Über Nacht draußen stehen lassen ist ja auch keine Option, sagt Anna Blume noch. Die Butter, meine ich. Dann wird sie schnell ranzig. Dann schmeckt sie nicht mehr. Dann essen die Kinder ihre Jause nicht. Aber sie brauchen ja, sie müssen doch –
Ich muss jetzt Schluss machen, sagt Anna Blume, den Blick auf die Uhr gerichtet, und beendet den Videocall mit ihrer Freundin.
Anna Blumes älteste und beste Freundin. Die Poesie. Persönlich. Die beiden haben sich, außer auf den Bildschirmen ihrer Smartphones, lange nicht gesehen. Auch die Poesie hatte ihre Baustellen. Vielleicht, da sie kinderlos und nur für sich verantwortlich ist, keine Butter-Baustellen. Keine Wäscheständer-Baustellen. Keinen Zoom-Meeting-Wahnsinn im Abstellkammerl. Dafür aber hatte die Poesie seit geraumer Zeit, ganz im Gegenteil zu ihrer Freundin Anna Blume, vor allem eines um sich: große Stille. Stille, die recht bald bedrohlich wurde, da sie an der Existenz zu nagen begann. Sich langsam von innen durch ihr Wesen fraß. Denn die Poesie war die erste, die von den Tagesordnungen gestrichen wurde, als alle Welt ins Homeoffice ging. Keine Zeit mehr, kein Platz, keine Nerven, keine Finanzierung, kein hinreichendes digitales Konzept, keine Kraft.

Vielleicht später wieder, hieß es, zur Zeit gibt es leider Dringlicheres. Wir müssen jetzt schauen, wo wir bleiben. Den Fokus neu ausrichten. Wenn alles vorbei ist, melden wir uns. Eventuell. Wenn die Lage es wieder zulässt. Bis dahin alles Gute. Bleiben Sie zu Hause. Und bleiben Sie gesund!
Wann genau war eigentlich alles vorbei? Überlegt die Poesie jetzt. Ist denn alles vorbei? Und wenn alles vorbei ist, woran merkt man das? Oder ist man dann schon tot?
Ich will nicht tot sein, denkt die Poesie und beginnt, sich ein Butterbrot zu schmieren. Und so lange ich das noch denken kann, denkt sie, und also noch etwas wollen und noch ein Butterbrot essen kann, so lange kann es nicht zu spät sein.
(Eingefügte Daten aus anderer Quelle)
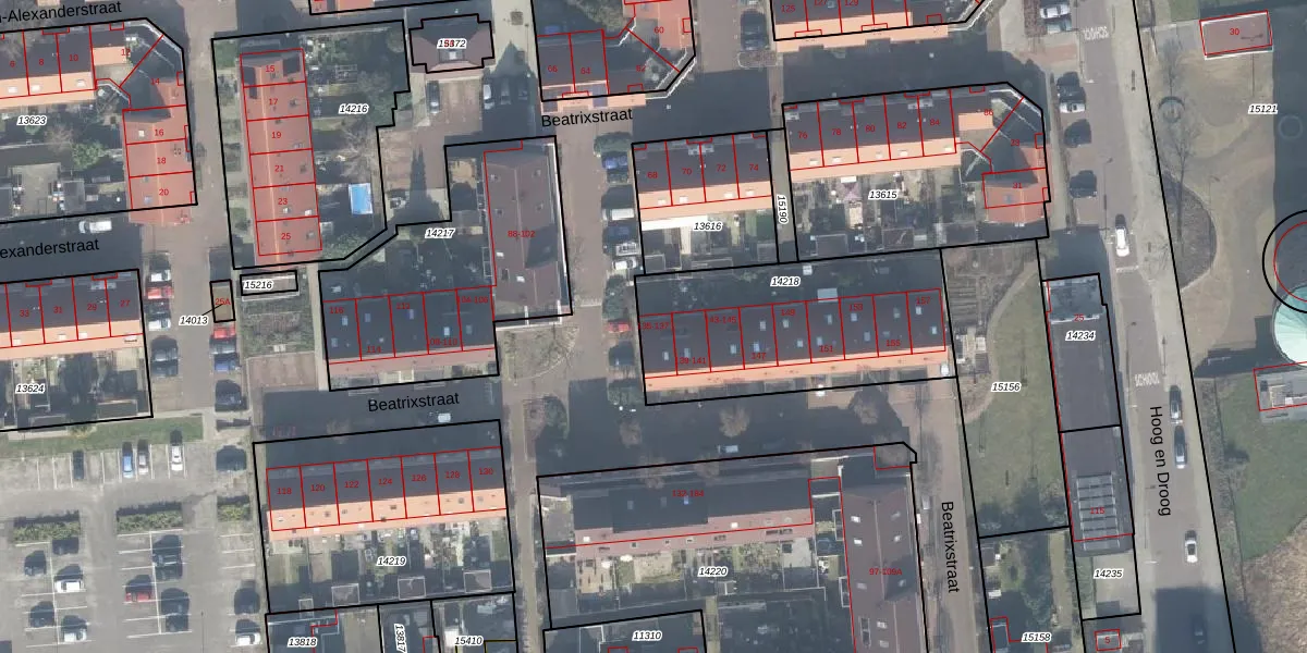 Het perceel waarop Beatrixstraat 135 staat heeft een oppervlakte van 934 m². Dit is een groot perceel. De perceeloppervlakte wordt geregistreerd door het Kadaster. Gedetailleerde informatie over de maten van dit perceel kunt u vinden in het rapport Kadastrale kaart met maatvoering van Beatrixstraat 135.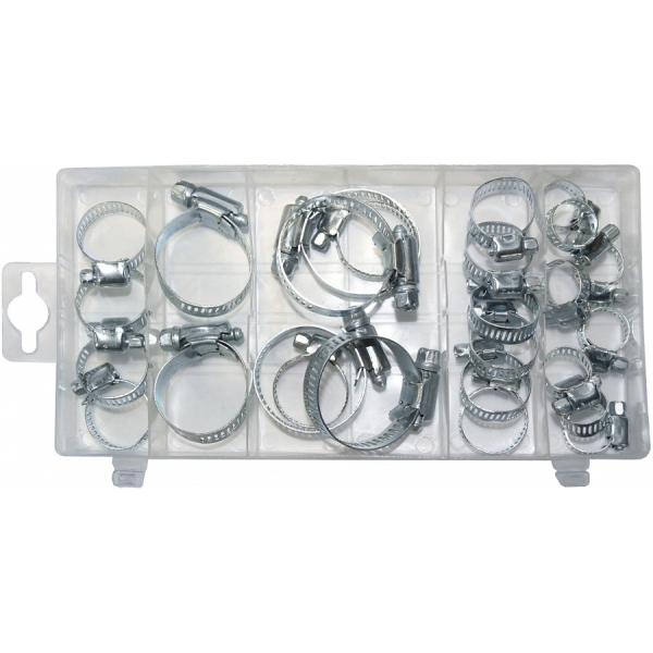 Komplektis 6 erinevat mõõtu (26 tk). 16-40 mm läbimõõduga voolikutele. Klambrid Ø 16-8 tk; Ø 22-6 tk; Ø 25-4 tk; Ø 28-2 tk; Ø 35 -2 tk; Ø 40-4 tk.

Die Poesie spuckt in die Hände, klappt ihren Laptop auf, recherchiert ein wenig im Internet und wird fündig.
Als Anna Blume das Kuvert aus dem Postkasten fischt, weiß sie sofort: Das kann nur von einer sein.
Anna Blume hat lange keinen Brief bekommen, auf dem ihr Name und ihre Adresse in Handschrift standen. Kurz denkt sie schon: Na klar, die hat ja alle Zeit der Welt, lange Briefe zu schreiben. Aber sie soll bloß nicht erwarten, dass ich in meiner Lage zum Antworten komme.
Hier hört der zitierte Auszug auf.